Is drawing a way to make sure there is something immediate and palpable at the end of this process?
Well, imagine painting, for example, you have contact with visual from the get-go, and you're developing it, visually. But none of my work develops visually. It develops conceptually and it becomes visual: all the sculpture, the photographic work, the artist books, even the writing, there's a conceptual quality to it. So drawing in a way is an antidote, or a balance to that way of working. And it keeps me more balanced, overall.
In what way?
Drawing is the exception to the rule of my work in general, because I needed the grounding. I needed the continuity. For instance, I started the LOG series well before the pandemic, and it then carried into it, and I think it’s especially connected to the pandemic energy in the sense that it's just taking things day by day. I decided I would, every day, produce what I would refer to as a drawing, which could be something written, a photograph, website screenshots, maybe even collage; I also included a lot of quotes that I collected. So in a way it's very mundane, and then it's whatever happens beyond the mundane. With the drawings, there's nothing interceding between me and the actual physical labour of producing something.
Because the production of most of your sculptures, photographic and installation work is outsourced to specialists.
Right. Even if I take the photograph myself, or I direct somebody else, I have no one way to go to where I want to go. That is a discovery process for me. For example when I was working with Isabelle Huppert for Portrait of an Image, I knew what I wanted, but I didn't know what it looked like. But I knew Isabelle wanted me to tell her how I wanted her to look, which I didn't want to do. And that's often the reality of things that I'm working on, that the “what it looks like” bit only comes in after the exploration, in a sense. It evolves out of the exploration. To have that option kept open until the very end or close to the end is very high risk for me. But then again, in my work, things do come to an end. They don't they don't just keep going on.

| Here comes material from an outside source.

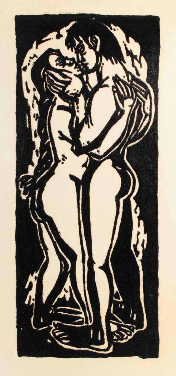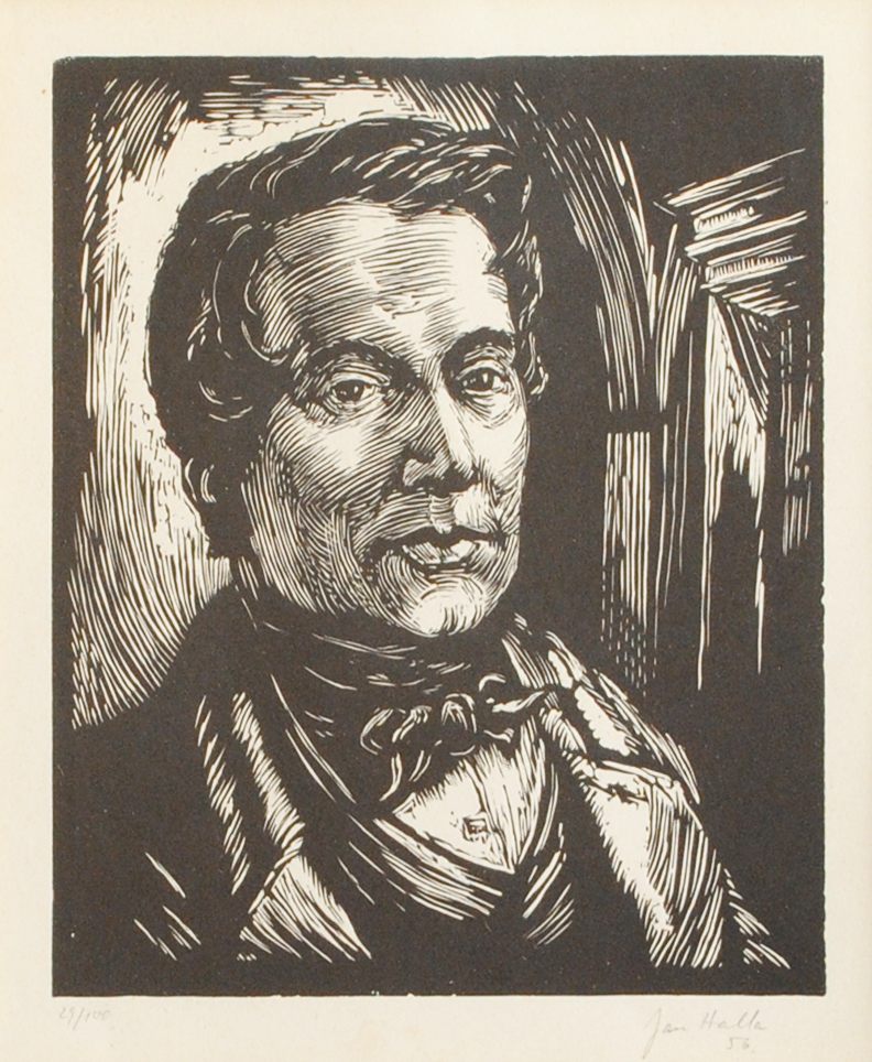 dřevoryt, 18,5 x 15,5 cm, sign. PD Jan Halla, pasparta, nátisk, papír lehce zažloutlý, pasparta v levém dolním rohu poškozena vodou, látková páska kolem pasparty místy ušpiněna, Aantiqari.at Radhošťská,

“There's always a difference between what you think you've done, and what you've done.”
Is it important to you that they come to an end?
Yes, and that’s something to do with my nature. For instance, the When Dickinson Shut Her Eyes series, although it took many different forms… I’m finished. I feel comfortable with that body of work as a whole. The glass work is finished. I don't feel a need to continue going forward with it. I think it's on its own now in the world. But even with the drawings, I still need to personally see them in an installation to understand what I'm doing. I can't really move forward in my work until I see, I experience, what I've actually done. Because there's always a difference between what you think you've done, and what you've done. But ultimately it's more the idea that you're going from one thing that maybe doesn't have any visual relationship to another thing. Visual consistency is not something I'm known for.

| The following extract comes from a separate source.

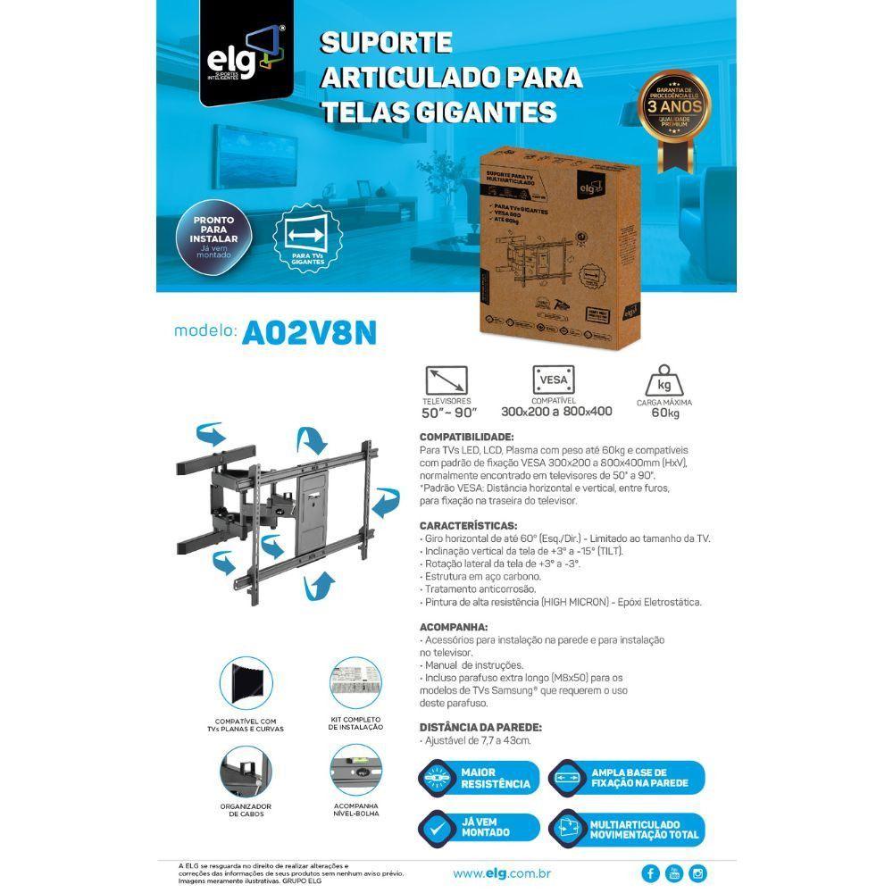 Suporte Multiarticulado Vesa 800 De 50 A 90 Elg PretoLeve sua experiencia de entretenimento a outro nivel com o Suporte Elg Multiarticulado VESA 800, ideal para TVs de 50 a 90.Fabricado com materiais de alta resistencia, ele garante seguranca, estabilidade e praticidade para o seu ambiente. Com design robusto e moderno, o suporte permite ajustes de inclinacao, rotacao e afastamento da parede, proporcionando o melhor angulo de visao em qualquer espaco. Compativel com o padrao VESA ate 800x400mm, e perfeito para residencias, escritorios e salas de reuniao. Instalacao simples, gestao de cabos embutida e acabamento premium fazem do Suporte Elg a escolha certa para quem busca qualidade, durabilidade e versatilidade. Caracteristicas: Marca: Elg Modelo: Multiarticulado Carga Max: 60kg Distancia TV: 7,7 a 43cm Fabricacao: Aco carbono Giro Horizontal: 60 Ajuste de Nivel: +3 a -3 Inclinacao Vertical: 3+ a -15 Padrao VESA: 300x200 a 800x400 Pintura: Epoxi Eletrostatica Polegadas: 50 a 90 Tipo: Articulado Tipo TV: LED, LCD, Plasma Tratamento Superficial: Anticorrosao Conteudo da Embalagem: 01 Suporte Multiarticulado Vesa 800 de 50 A 90 Elg Dimensoes: Altura: 44,6 cm Largura: 8,5 cm Profundidade: 34,8 cm Peso: 8,77 Kg Garantia do Fabricante: 12 meses

Lawrence Weiner says that everyone wants to make sense out of the body of an artist’s work but in fact it’s not supposed to make sense, it’s supposed to have meaning.

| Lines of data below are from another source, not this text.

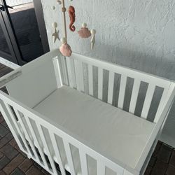 White Mini Crib + Mattress + Sheets + Mattress Protector $170Hialeah Gardens, FL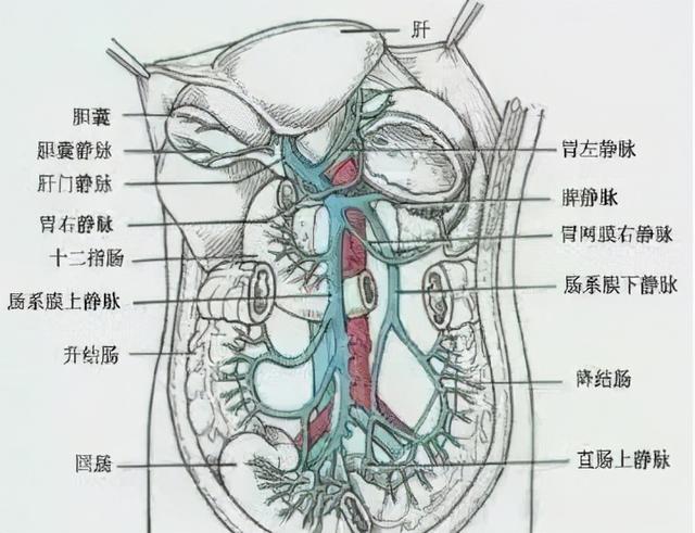 空、回肠静脉与动脉伴行,汇合成肠系膜上静脉,在同名动脉右侧上行,在胰腺颈部后方与脾静脉汇合成门静脉进入肝脏。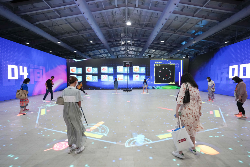 9月1日,在服贸会首钢园区,参观者在元宇宙体验展馆内体验一款互动游戏。新华社记者 鞠焕宗 摄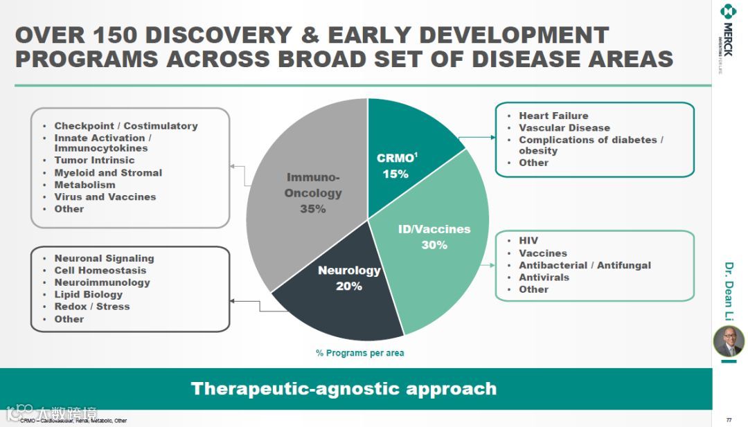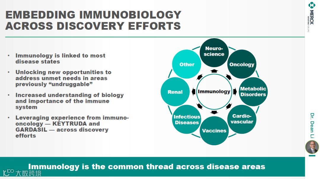 默沙东研究实验室发现科学和转化医学高级副总裁Dean Li分享了默沙东的早期研发策略。他表示,免疫学与大多数疾病相关。默沙东的早期研发工作将利用自身在开发Keytruda和Gardasil时在免疫学方面积累的经验和专长,进一步理解免疫系统的重要性,开拓在以前“不可成药“领域的新机会。

That’s right! The rational is not really a place to look for answers or resolution in art, that is definitely in conflict with the energy that one brings to it — or I bring to it. (Laughs) I guess that I've never really felt it important. I try not to do anything that isn't necessary. I don't do things beyond my need to do it. Once I lose that need, I stop. And I think that necessity of it — that's a very complex motivation that is harboured in one's life, or it isn't.